Trading activities in the official NFEM, which includes the Investors’ and Exporters’ (I&E) Window, indicated a slight movement in the benchmark rate compared to the previous day’s close.

NFEM Closing Rate (December 12): ₦1,449.38 per US Dollar (Based on early morning data and previous day’s trends).

NFEM Highest Intraday Rate: The dollar was traded at a high of approximately ₦1,452.50.

NFEM Lowest Intraday Rate: The Naira touched its strongest point for the day at about ₦1,449.38.

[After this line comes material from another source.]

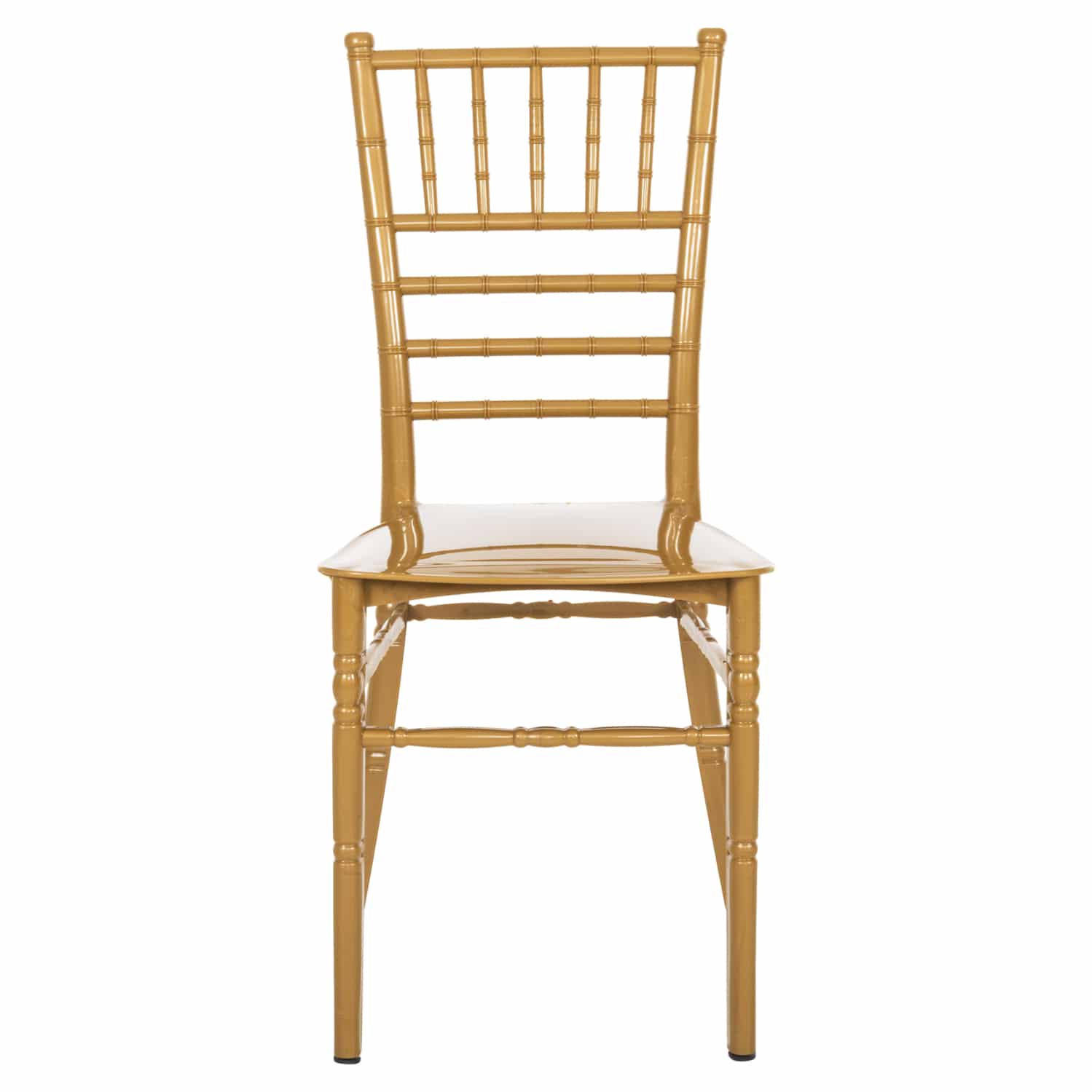 Καρέκλα TIFFANY σε ΧΡΥΣΟ χρώμα. Ιδανική πρόταση για χρήση σε επαγγελματικούς χώρους (χώροι δεξιώσεων, εταιρείες catering, κλπ.). Η καρέκλα διαθέτει λεπτομέρειες τόσο στις οριζόντιες όσο και στις κάθετες δοκούς της πλάτης, αλλά και στα πόδια. Φυσικά, μια τέτοια καρέκλα είναι και ΣΤΟΙΒΑΖΟΜΕΝΗ πράγμα που την κάνει ιδιαιτέρως πρακτική.

The relatively tight band in the official market reflects the Central Bank of Nigeria’s (CBN) continued intervention efforts and liquidity management strategies aimed at fostering stability for importers and formal businesses.

Parallel Market (Black Market) Rate

In the unofficial parallel market, widely used for cash transactions and personal transfers, the Naira showed a minor gain, reversing a recent weakening trend.

Parallel Market Buying Rate: ₦1,475.00 per US Dollar

Parallel Market Selling Rate: ₦1,485.00 per US Dollar

This parallel market range of ₦1,475 – ₦1,485 indicates a premium of approximately ₦25.62 to ₦35.62 when compared to the official NFEM closing rate of ₦1,449.38.